### EXERCISE
Each line below is to be copied exactly; images do not go into the copy.

***** RAW DATA *****

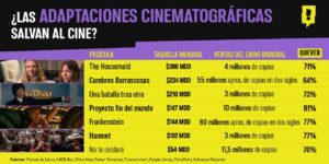 Hoy por hoy, a pesar de que las adaptaciones siguen siendo una apuesta peligrosa, de acuerdo a un análisis de la plataforma de entretenimiento Spoiler, es cada vez es más común ver novelas literarias llegar a los cines, y ya sea por el morbo de ver si sus directores pasan o no la prueba, o por la elección del cast, el público sigue interesado en ver el resultado de este experimento.
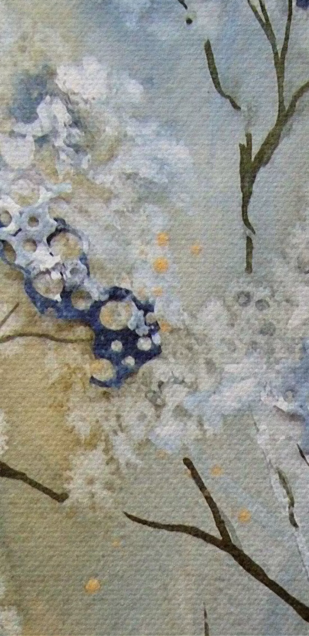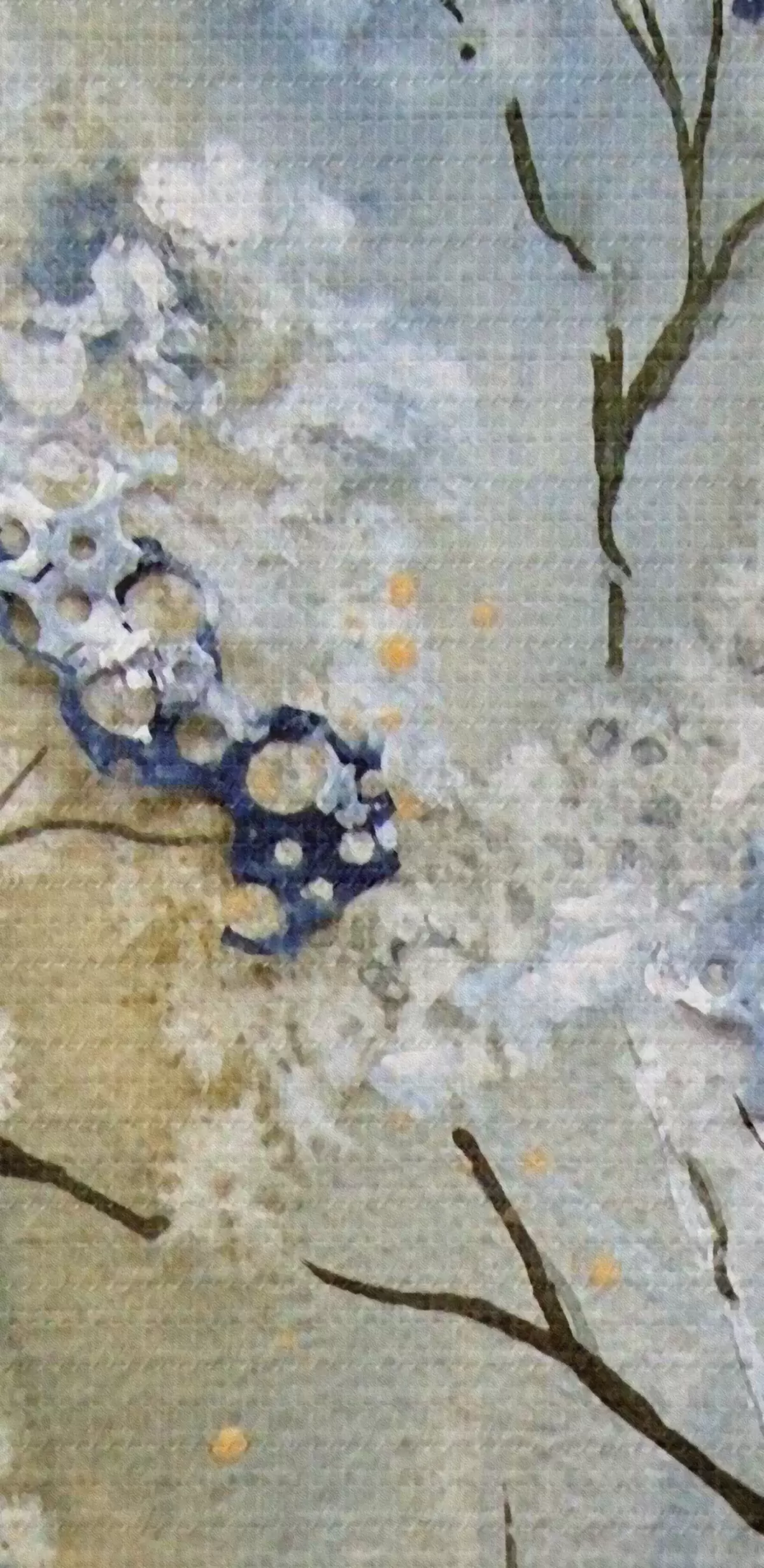 Selle lõuendi peenike niidipunus meenutab professionaalse kunstniku lõuendi pinda.
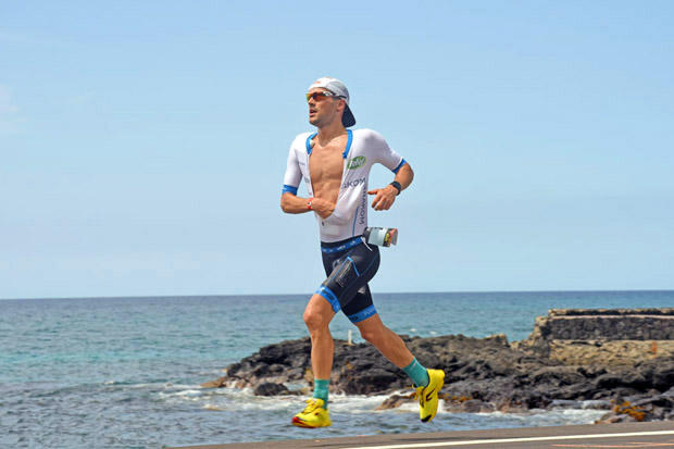 Patrick Lange of Germany looks like he is floating on air while running a 2:39:45 marathon – breaking Mark Allen’s 27-year-old run record split – on his way to 3rd place at Kona.

*****

### ANSWER TO THE PROBLEM
 Hoy por hoy, a pesar de que las adaptaciones siguen siendo una apuesta peligrosa, de acuerdo a un análisis de la plataforma de entretenimiento Spoiler, es cada vez es más común ver novelas literarias llegar a los cines, y ya sea por el morbo de ver si sus directores pasan o no la prueba, o por la elección del cast, el público sigue interesado en ver el resultado de este experimento.
 Selle lõuendi peenike niidipunus meenutab professionaalse kunstniku lõuendi pinda.
 Patrick Lange of Germany looks like he is floating on air while running a 2:39:45 marathon – breaking Mark Allen’s 27-year-old run record split – on his way to 3rd place at Kona.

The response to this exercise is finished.